Allerdings wäre Fortsetzungszusammenhang zwischen den Veruntreuungen zugunsten der drei Kunden nicht schon deshalb von vornherein ausgeschlossen, weil der Angeklagte den Entschluss, den Firmen ███ und ███████ verbotene Kredite zu gewähren, erst fasste, nachdem er die Firma ███ schon mehrere Jahre lang unzulässig begünstigt hatte; denn es genügt, wenn der Täter wenigstens eine Zeitlang ständig die Kunden vor Augen hat, denen er laufend auf die gleiche Weise zum Nachteil desselben Kreditgebers helfen will und hilft.

So hat der Senat bereits in einem entsprechenden Fall entschieden (Beschluss vom 27. November 1969 – 2 StR 15/69 –). Auch auf BGHSt 23, 33 wird verwiesen.
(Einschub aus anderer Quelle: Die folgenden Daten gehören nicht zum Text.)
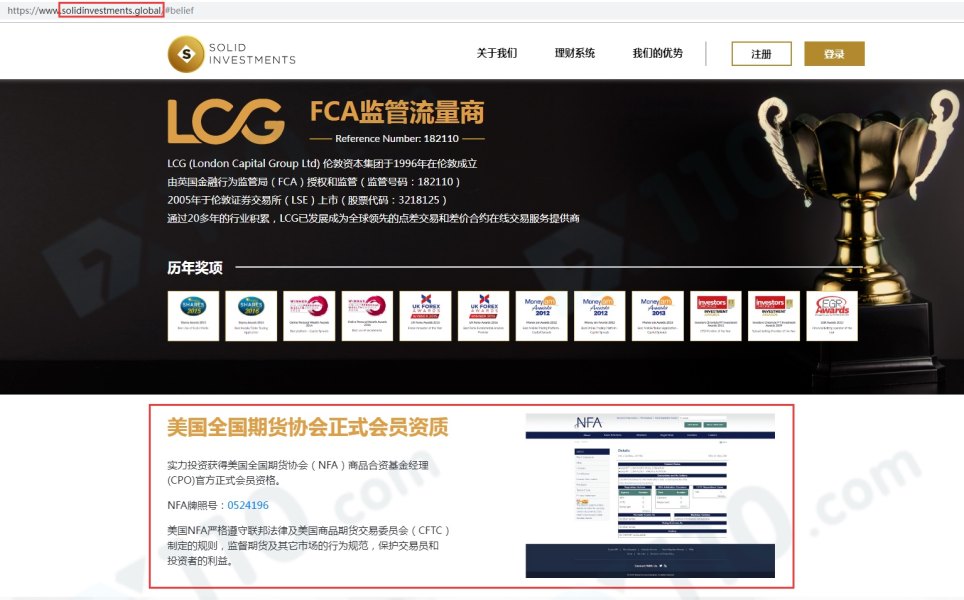 1、实力投资Solid Investments宣称其流量提供商是有英国FCA监管的LCG平台,但是请注意,流量提供商有合规监管,但是与该平台本身的监管情况无关。 2、平台宣称是受美国NFA 0524196 监管的外汇投资平台。按照监管号NFA官网实际查询与公司名不一致 而且查询详情中没有零售外汇资质 其仅仅属于商品合资基金经理(CPOs)的NFA会员资格 不属于零售外汇经纪商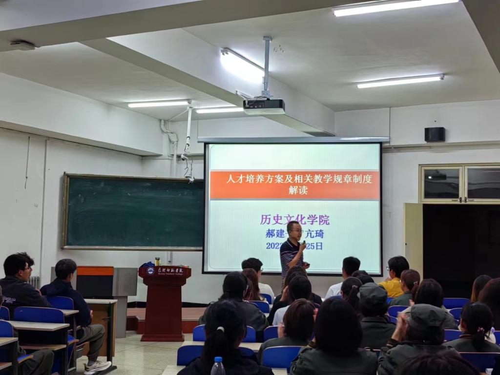 为了帮助2023级本科新生了解各专业人才培养目标、加强学生对2023版人才培养方案的了解,切实做好大学四年学习规划。9月25日晚,今年会官网于博西606教室开展本科新生专业人才培养方案解读会。会议由亢琦副院长主讲,2023级历史学和图书馆学专业全体学生参加,助理班主任高蕾和周皓月也参加了会议。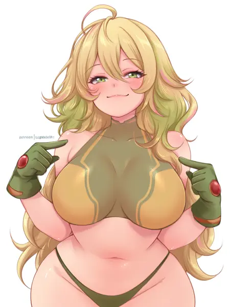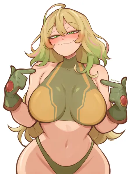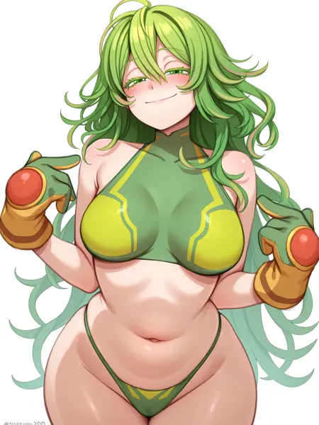 トールの衣装、ノースリーブ、下着、へそ、グリーンの手袋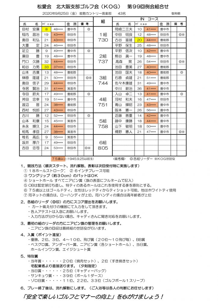 9月25日(金)開催の第99回例会(能勢CC)組合せを発表します。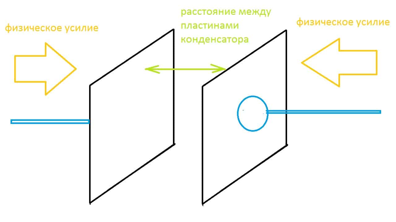 - Емкостные – используют эффект переменного конденсатора, в котором с уменьшением расстояния между пластинами будет возрастать емкость. А при увеличении расстояния или уменьшении площади пластин емкость уменьшится.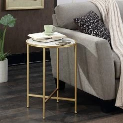 Deals ๐ Convenience Concepts Gold Coast Faux Marble Round End Table U12-128 โ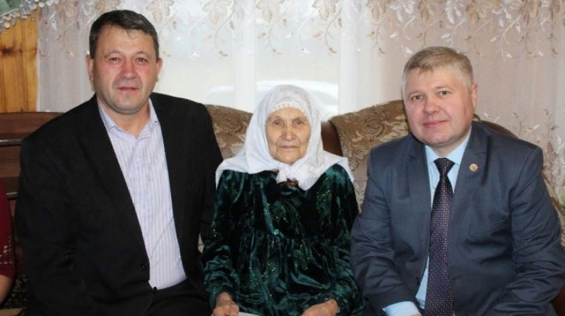 Шәмсебану апаны олы юбилеен билгеләп үтәргә җыенган өй тулы балалары белән берлектә район Советы Аппараты җитәкчесе Эмиль Әхмәтов һәм авыл җирлеге башлыгы Рәфикъ Җамалетдинов тәбрикләде, Россия Федерациясе Президенты Владимир Путинның Котлау хатын һәм район башлыгы Марат Гафаровтан истәлекле бүләк тапшырдылар. Авыл мәдәният йорты исеменнән Гөлсинә Чабаева да, юбилярны тәбрикләп, иң матур теләкләрен җиткерде.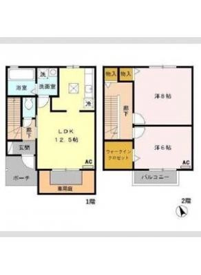 保証金----- / 礼 金61,500間取り 2DK / 45.39㎡入居日 2026年3月下旬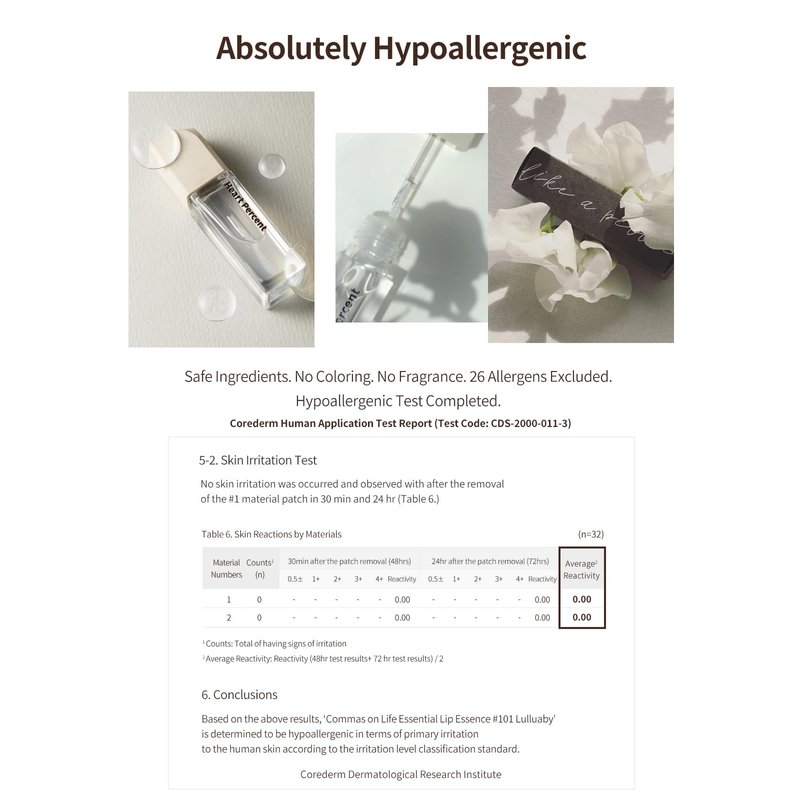 Heart Percent Commas on Life Essential Lip Essence #101 Lulluaby, Watery Oil Clear Lipgloss Essence Intense Overnight Sleeping Lip Treatment 6g (0.2 fl. oz.)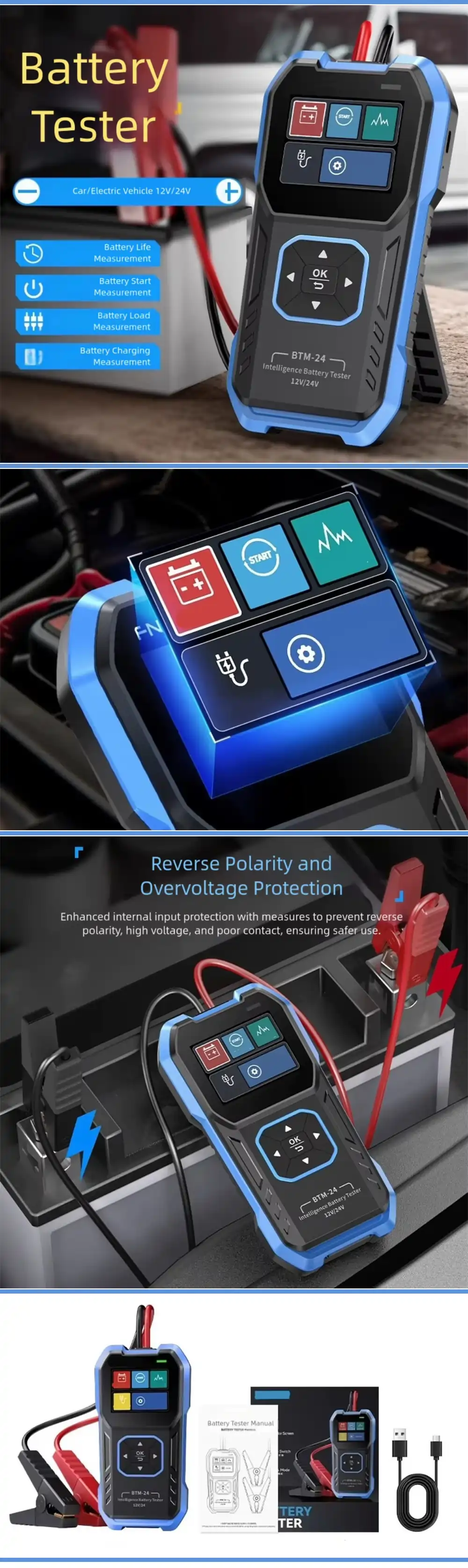 > Egy gombnyomással elindítható mérés: Pontosan méri az indítóáramot és feszültséget, az akkumulátor teljesítményének értékelése terhelés alatt, gyorsan azonosítja a gyenge vagy meghibásodott akkumulátorokat. > Valós idejű töltőrendszer-elemzés: Nyomon követi a dinamikus, minimális és maximális feszültségeket, ellenőrizve a generátor és a töltőrendszer tényleges teljesítményét változó terhelés mellett. > Fejlett biztonsági védelem: Fordított csatlakozás elleni védelem és túlfeszültség-védelem, teljesen szigetelt, túlméretezett kapcsok. > Felhasználóbarát: Meghatározza az akkumulátor élettartamát és állapotát anélkül, hogy kárt okozna. Erős, hosszú vezeték és akasztólyukat a tároláshoz és bárhol történő használathoz. Specifikációk: - Támogatott akkumulátorfeszültségek: 12 V; 24 V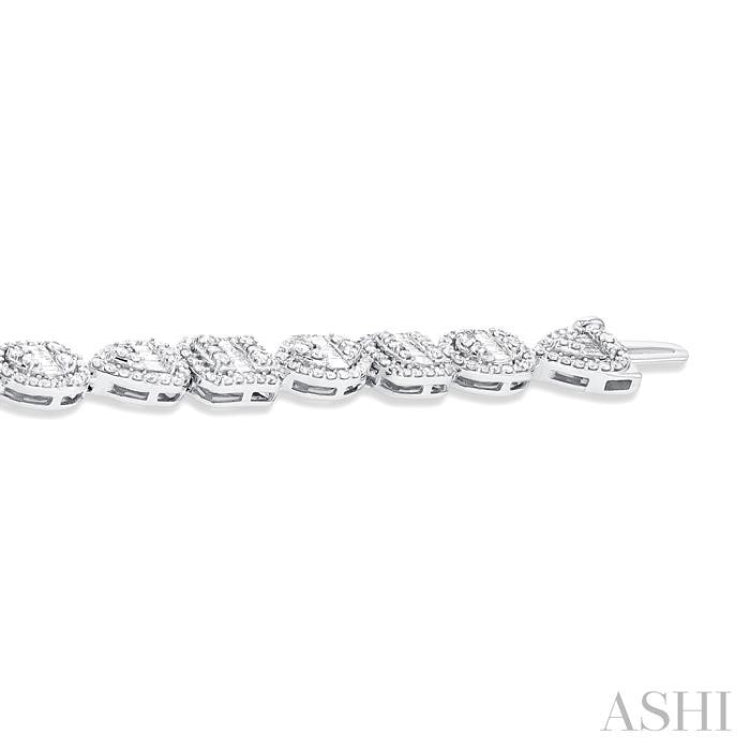 3 1/5 ctw Mixed Shape Halo Fusion Baguette and Round Cut Diamond Bracelet in 14K White Gold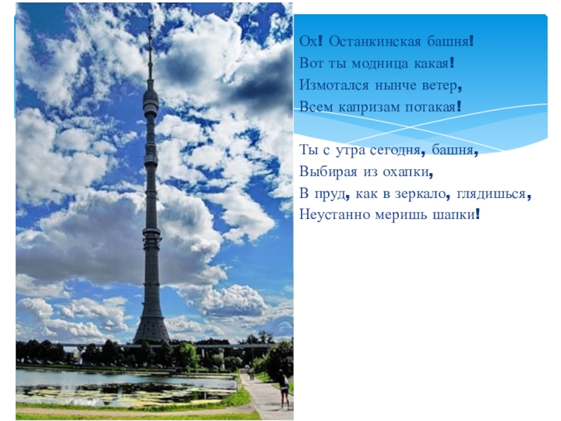 Ох! Останкинская башня!Вот ты модница какая!Измотался нынче ветер,Всем капризам потакая!Ты с утра сегодня, башня,Выбирая из охапки,В пруд,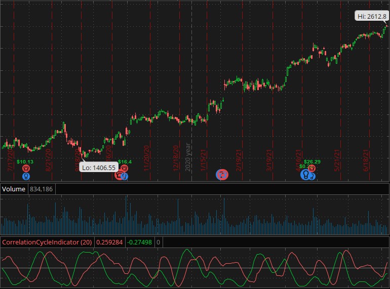 The Correlation Cycle Indicator analyzes the correlation of the price with a cosine wave over a presumed wavelength of the cycle. This indicator is best used when the market is in the cycle mode. The plot of the correlation of the price with a cosine wave may help identify turning points as it forms peaks and valleys coinciding with peaks and valleys in the price.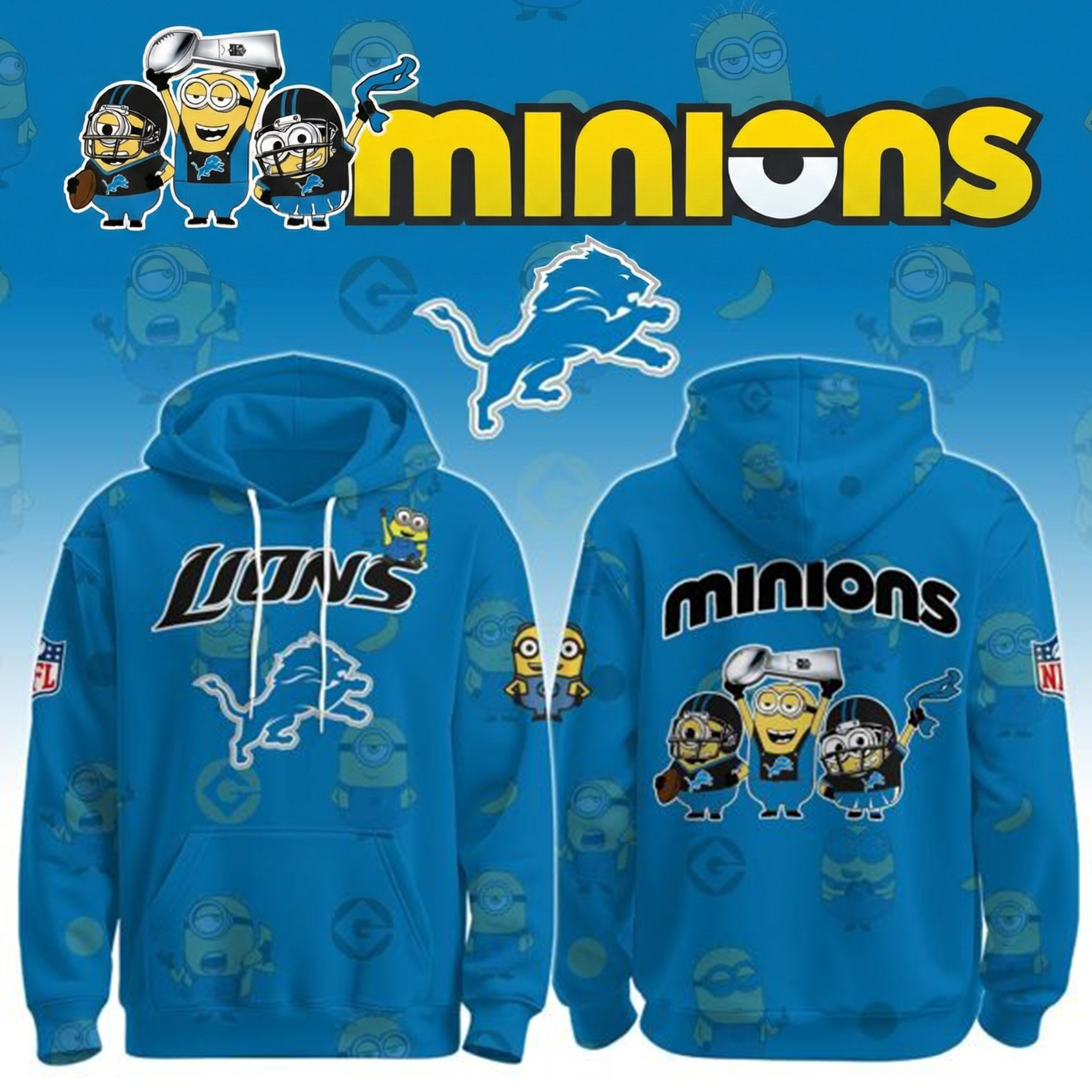 Detroit Lions x Minions Celebrate NFL Holiday Game Hoodie Lions Merch Best Gift For NFL Fans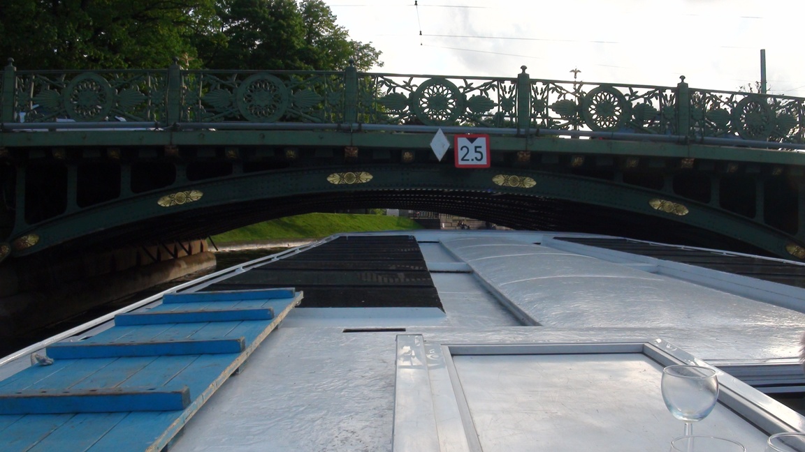 That leaves about 1 foot of clearance between our heads and the bridge bottom, when sitting down! If we stood up, this would be a very short vacation. |

Der Gesamtvorsatz verlangt in der Regel einen gewissen zeitlichen Zusammenhang zwischen den Einzelakten. Bei längeren Zwischenräumen muss er näher begründet werden (RGSt 75, 207, 209). Daran fehlt es hier, obwohl zwischen der ersten und der zweiten der Verurteilung unterliegenden unzulässigen Kreditgewährung im Fall ███ über ein Jahr (27. Oktober 1966 bis 16. November 1967), im Fall ███ über zweidreiviertel Jahre (4. April 1968 bis 29. Januar 1971) und im Fall ███████ über zweieinhalb Jahre (22. April 1968 bis 12. November 1970) lagen.

Das allgemeine Vorhaben, den einheimischen Firmen bei der Bewältigung ihrer wirtschaftlichen Schwierigkeiten mit unzulässigen Mitteln zu helfen, genügt nicht zur Begründung des Gesamtvorsatzes. Auch der Übergang der Firma ██ auf den Angeklagten selbst legte eine Unterbrechung des Fortsetzungszusammenhanges nahe.

2. Für die neue Hauptverhandlung wird auf Folgendes hingewiesen:

Bei einer Verurteilung zu mehr als einem Jahr Freiheitsstrafe soll die Strafaussetzung zur Bewährung (§ 23 Abs. 2 StGB) auf Ausnahmefälle beschränkt bleiben, namentlich um einer Konfliktslage des Täters gerecht zu werden (BGHSt 24, 3). Hierbei ist nicht an einen Konflikt gedacht, der nur die voraussehbare Folge der früheren Straftaten ist. Auch wenn der Angeklagte nur teils Dritte ungerechtfertigt bereichern, teils seine früheren Untreuehandlungen verdecken wollte, wäre die Anwendung des § 23 Abs. 2 StGB kaum zu rechtfertigen.